On the other hand, a shift in mosquito community ecology on the heavily populated coast was reported in 2000, with the arrival of Aedes albopictus in the native rain forests of Recife, the urban epicenter for microcephaly, in what would be the heavily hit state of Pernambuco. Albopictus would in the decade to come be followed by Aedes aegypti, Culex quinquefasciatus, and what were for researchers a surprising variety of other species, reported carriers of filariasis, dengue, Rocio, Mayro virus, and yellow fever.
The literature around neoliberalism’s impact upon even Pernambuco alone is huge–on its effects on local education, health, sanitation, agriculture, and elsewhere across social organization. Rebeca Maria Aguiar do Nascimento and Edvaldo Carlos Lima, for instance, characterize the problems of privatizing local land for biofuels.
Ronald Fernando de Albuquerque Vasconcelos describes the classic maneuver by which the mismanagement of a community-led sanitation program is used to rationalize privatizing the service. By my rough Google Translation,
The substantial difference between the three [Partido dos Trabalhadores] administrations showed not only a lack of institutional [support] for the sector that seemed to [operate] according to the local electoral cycles and their alliances, but also [in] the contradiction existing in populist rhetoric characteristic of PT governments, where the element of social participation that should be included as one of the pillars of their governments is just a backdrop, [while] inside the bureaucracies, without any form of inclusion in decision-making processes, in the case of Recife has led to a process of privatization of services.

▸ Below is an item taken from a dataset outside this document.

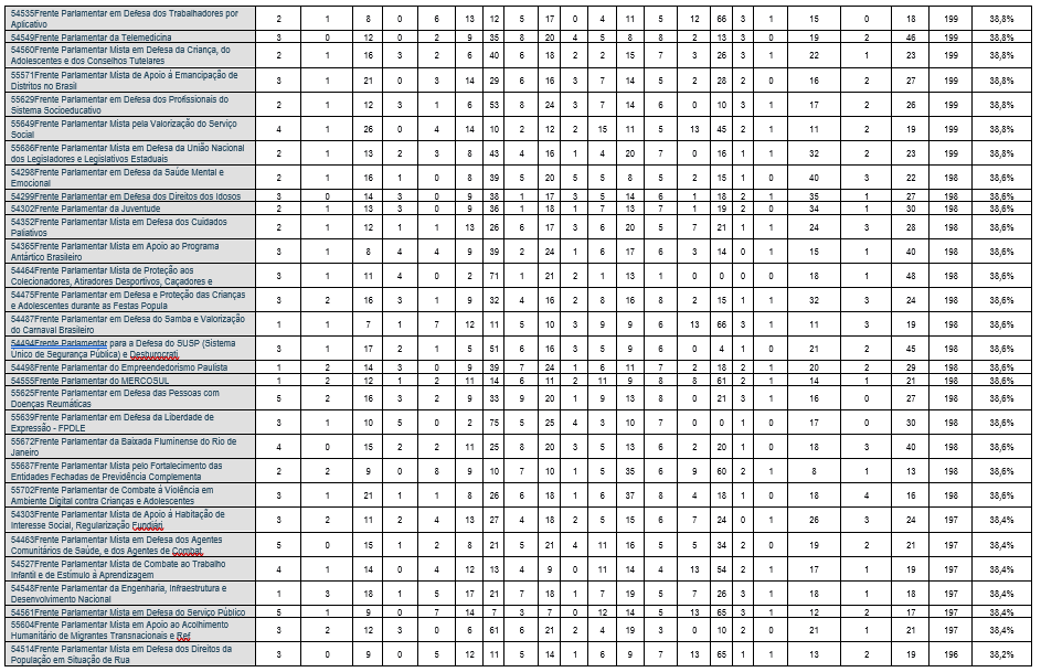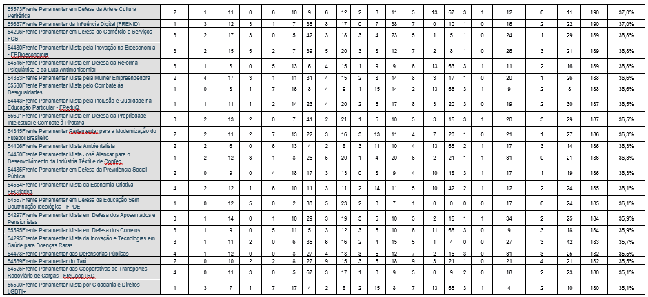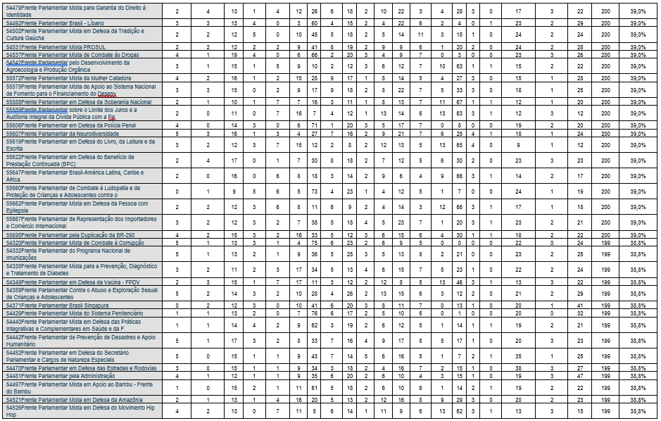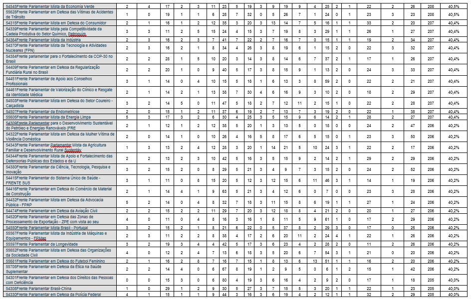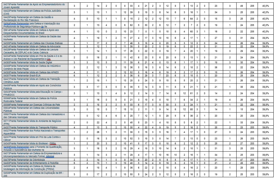 Contudo, essa densidade varia significativamente: as 5 frentes parlamentares com maior densidade apresentam percentual de participação formal superior a 50% da composição da Câmara dos Deputados, com a Frente Parlamentar da Agropecuária – FPA, popularmente chamada de “Bancada do Boi”, liderando o bloco, com 66,3% de densidade. A Frente Parlamentar da Segurança Pública, ou “Bancada da Bala”, tem 52,2%, e a Bancada Evangélica, a “Bancada da Bíblia”, vem em 6º lugar, com densidade de 45,2%. A média de participantes é de 204 deputados por frente, mas há uma disparidade baixa: a mediana é de 202 membros, e o valor modal, de 200 membros, com um número mínimo de 180 membros.

I’m at a language barrier, but I have friends and colleagues on the case. In the coming weeks, together we’ll learn more of the means by which neoliberalism shaped transitions in epicenter land use and epizoology.

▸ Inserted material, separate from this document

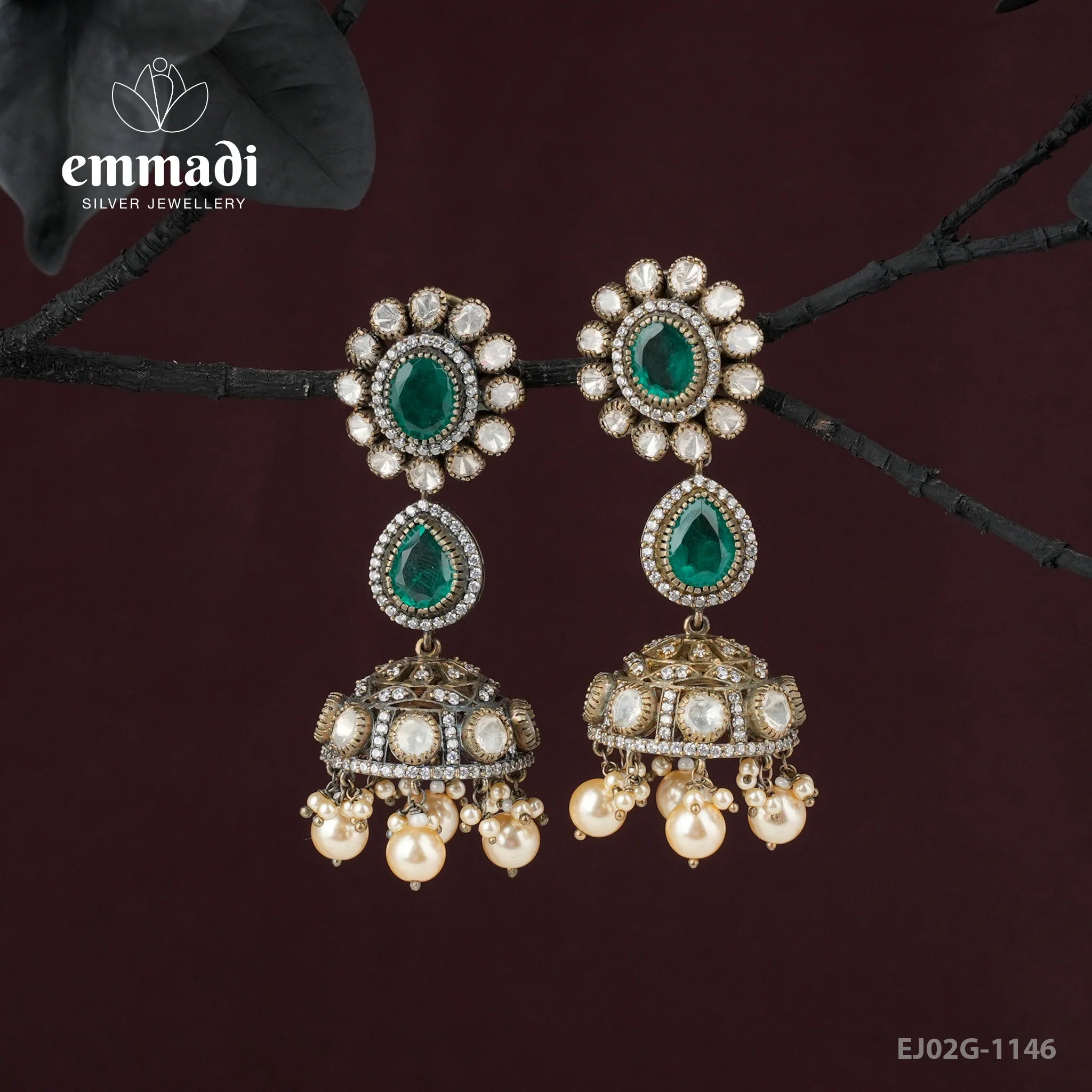 Indulge in the exquisite elegance of the Chanya Victorian Green Buttalu by Emmadi Silver Jeweller, India's Largest silver brand. ���� Adorn yourself with the regal charm of these intricate earrings, a true testament to luxury and sophistication. With a captivating Victorian design and a mesmerising green hue, these Buttalu are sure to captivate all admirers. Elevate your style to royalty with these finely crafted masterpieces.

For now, let us propose a working hypothesis that even as Zika arrived from abroad–and pathogens traverse the globe everyday–it found in northeastern Brazil a consummate niche for amplification.

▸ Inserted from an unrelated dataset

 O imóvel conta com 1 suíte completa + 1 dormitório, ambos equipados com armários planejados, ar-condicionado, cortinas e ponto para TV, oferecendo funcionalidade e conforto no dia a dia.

Cutbacks in mosquito control expenditures, as ABRASCO described, are pursued in the context of global climate change, continuing deforestation, neoliberal privatization, and latifunda-led land consolidation.
By logging, mining, and intensive agriculture deep into the forest, capital-led extraction depresses long-term ecosystemic controls, permitting previously marginalized hosts and the pathogens they carry regional and potentially pandemic escape. On the other end, structural adjustment truncates public and animal health, softening herd immunity for newly arrived diseases and resurgent standbys.
Any comprehensive effort to respond to Zika and other vector-borne diseases need explicitly reverse these processes.
Otherwise the broader global context will be left to equity markets. These–disconnecting economy from ecology or connecting them in the most perverse of ways–feel no reservation about brokering vaccines and the deforestation that drives disease emergence in the first place,
Vaccine developers made clear that a [Zika] vaccine for widespread public use is at least months, if not years, away.
The closest prospect may be from a consortium including drugmaker Inovio Pharmaceuticals Inc (INO.O) that could have a vaccine ready for emergency use before year-end, according to one of its lead developers. Inovio’s share price gained more than 15 percent in Friday trading.